Commit dc632408 authored by Michael Banken's avatar Michael Banken

added conclusion

parent 30889940
\chapter{Conclusion}
\section{State of the project}
\label{sec:state}
In its current state the tool is capable of automatically detecting the optimization candidates we introduced in this paper.
It also offers the option of a user guided optimization to make use of the tools detection capabilities, while human understanding can ensure that the intended semantics of a theory are retained.
There are however two big problems that remain unsolved:
Firstly the tool can only help detecting these potential optimizations. Applying the changes still takes direct human effort.
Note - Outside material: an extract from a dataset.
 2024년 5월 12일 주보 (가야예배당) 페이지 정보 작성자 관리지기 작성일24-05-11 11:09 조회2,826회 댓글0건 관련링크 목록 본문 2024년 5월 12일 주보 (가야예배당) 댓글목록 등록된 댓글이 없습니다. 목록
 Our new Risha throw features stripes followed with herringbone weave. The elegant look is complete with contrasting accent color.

Secondly the runtime could potentially grow exceedingly large, when operating on large graphs. Running the graph optimizer over LATIN and its dependencies during a test took a little over 20 minutes. With larger graphs and cubic runtime this could easily turn into hours or days.
\section{Future Work}
\label{sec:futurework}
While the tool in its current state fulfils our goal to automate large parts of the optimization process, there are still many improvements that could be made.
Looking at the current state there are still some obvious paths to improvement.
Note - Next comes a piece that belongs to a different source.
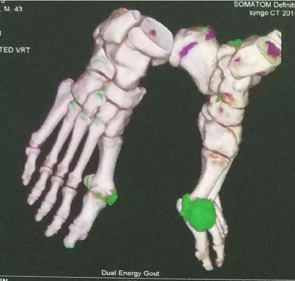 2015年9月,北京大學人民醫(yī)院風濕免疫科張學武教授的門診,來了一位姓劉的患者。額頭上有一塊傷疤,胳膊上有一圈結痂了的牙印兒。這是怎么回事?原來,老劉的痛風關節(jié)炎發(fā)作了,疼的難以忍受。每當痛風發(fā)作,他就撞墻、咬胳膊。這傷就是這么來的。老劉說,痛風疼起來連被單都蓋不上、一陣風從關節(jié)上刮過去都受不了。 提到痛風,大家一定會說是吃出來的。的確,痛風與長期大量進食高嘌呤的飲食密切相關。可是您知道嗎?痛風可不全都是吃出來的。張學武教授說,在他每周的痛風專業(yè)門診當中,就有這樣一部分患者,平時嘴管的很嚴從來都不亂吃,可還是沒能逃過痛風的魔掌。他們的痛風究竟是何因所致?這篇文章將顛覆您對痛風的認識。 【正文】 因素一:運動不合理 運動是把雙刃劍:不運動易痛風,運動過量也痛風 先來說,為什么不運動會造成痛風。張學武教授說,因為適量的運動可以加速新陳代謝,有利于尿酸的排泄。運動量少就容易造成血尿酸代謝不暢,引發(fā)高尿酸血癥。一些慢性疾病,如高血壓、糖尿病、高血脂、肥胖等,也喜歡“盯上”不愛運動的人。而高血壓、高血脂、糖尿病、肥胖、高尿酸血癥都是痛風的高危因素。所以通過適量的運動,不僅血尿酸會適當降低,高血壓、高血脂等痛風的高危因素也會得到改善。 再來說為什么運動過量也會造成痛風。張學武教授說,他近30年的從醫(yī)經(jīng)歷,由于運動過量來就診的痛風患者也不在少數(shù),這其中有一部分是運動員,我們不妨通過運動員的例子,來說明過量運動為什么會造成痛風。 有關運動和尿酸之間關系曾有一項調查研究:一群20到24歲的大學生在運動前及10分鐘激烈運動后,分別抽血檢查血中尿酸值的平均值:以運動前之血清尿酸值為基準,運動一小時后+93.6μmol/l,二小時+113.4μmol/l為最高,三小時+82.8μmol/l逐漸再下降,五小時+76.8μmol/l,七小時+53.4μmol/l漸漸恢復,二十四小時后為-10.8μmol/l,已恢復到運動前的正常值。可見運動后,尿酸有一過性增高,在24小時之后即可恢復正常。 但運動員每天都要做很多的訓練,尿酸值還沒等恢復到正常,又開始第二天的激烈訓練,血尿酸一直處于增高狀態(tài)。而激烈運動還會造成乳酸堆積,乳酸堆積會使血里、尿里的狀態(tài)偏酸。尿酸最容易排泄的PH值是6.5,劇烈運動后體內的尿酸PH值通常小于6.5。 再加上運動員為了維持高強度運動,他們的飲食當中蛋白質和糖類較多,易出現(xiàn)脂類和糖代謝異常,使發(fā)生痛風的危險因素增加。而多數(shù)運動員退役后運動量不如原先那么大,所以造成了體重增長過快,加上吃的又多,關節(jié)在原先的運動當中有過損傷,所以運動員也是痛風的高危人群。 受過損傷的關節(jié)更易患痛風 還有一個重要的原因,就是運動員經(jīng)常受傷。大家都知道,痛風關節(jié)炎的首發(fā)位置通常在第一跖趾關節(jié)(如上圖)。而有一部分人的痛風關節(jié)炎首發(fā)卻不在這個位置,而是在膝關節(jié)、踝關節(jié),甚至是手腕和肘關節(jié)。因為痛風有個特點,有過損傷的關節(jié),更容易發(fā)生或更早發(fā)生痛風。比如有肘關節(jié)炎癥、骨折史,崴了腳等。足球運動員總用腳趾踢球,所以痛風好發(fā)于腳趾關節(jié)。這樣的關節(jié),它的結構發(fā)生了變化,尿酸更容易往這樣的關節(jié)上沉積,就像血管里有一些斑塊之后就容易發(fā)生血栓。正常男性的血尿酸值是428μmol/l,很多尿酸高的人可能在600μmol/l才開始發(fā)作痛風關節(jié)炎。而一旦有關節(jié)損傷,也許500μmol/l痛風關節(jié)炎就會發(fā)作。 張學武教授說,除了崴腳之外,使勁揉、按摩關節(jié)、蒸桑拿,關節(jié)局部的尿酸鹽就容易快速析出,痛風就容易發(fā)作。如果您的尿酸高,又有關節(jié)損傷,更應關注自己的血尿酸水平,每半年檢查一次血尿酸,并注意不要發(fā)生關節(jié)損傷。 關節(jié)不負重的運動方式最適合痛風患者 張學武教授說,痛風患者的運動原則是保護關節(jié)。應該選擇關節(jié)不負重的運動方式,比如游泳、散步、跳舞、騎車。需要提醒您的是,再好的運動也要適量。曾經(jīng)有位男性痛風患者,是個老板。得了痛風之后治病心切,特別在意自己的病,飲食上很注意控制。他聽說游泳是痛風患者的最佳運動方式,就連續(xù)游了5個小時。沒想到他痛風又發(fā)作了,一個星期沒能下來床,腳腫了三號,疼痛難忍,生意也都給耽誤了。 區(qū)分痛風和其他關節(jié)炎的簡便辦法 出現(xiàn)關節(jié)疼痛的時候,如何區(qū)分是痛風關節(jié)炎還是其他關節(jié)炎導致?張學武教授說,痛風常常是單關節(jié)的紅腫熱痛,疼痛往往只在一側。而其他關節(jié)炎如類風濕關節(jié)炎,通常是雙側關節(jié)呈對稱樣疼痛。 再就是到醫(yī)院通過一些輔助檢查手段,也可以準確判斷是不是痛風關節(jié)炎。如B超。痛風關節(jié)炎通常在B超下顯現(xiàn)出“雙軌征”,就是在關節(jié)軟骨的上面和下面分別有兩條亮線。而別的關節(jié)炎則沒有這種特征。還有一種輔助檢查手段是通過雙源CT來看關節(jié)。雙源CT通過顏色的變化,能顯示出關節(jié)中存在的尿酸鹽結晶。痛風關節(jié)炎通常會在檢查中看到綠色的東西,這就是過多的尿酸鹽結晶。而其他關節(jié)炎,如類風濕關節(jié)炎,則顏色偏紅。

The most important future goal is to further automate the optimization process. Most importantly actually applying the changes to the graph and its source files. While the tool in its current state is capable of making fully automated suggestions, all the suggestions need to be applied to the sources by hand. This is less than ideal.
The most important future goal is to further automate the optimization process. Most importantly actually applying the changes to the graph and its source files requiring manual input of the changes.
Another important step is providing a proper interface for calling the optimizer. Preferably in a way that would seamlessly integrate with other MMT components.
Finally the runtime of the algorithm is a concern, as we discussed in \autoref{sec:runtime}. While it seems to run fine on small graphs, this could easily blow up for larger graphs. So any optimizations to the algorithm itself could be a welcome improvement.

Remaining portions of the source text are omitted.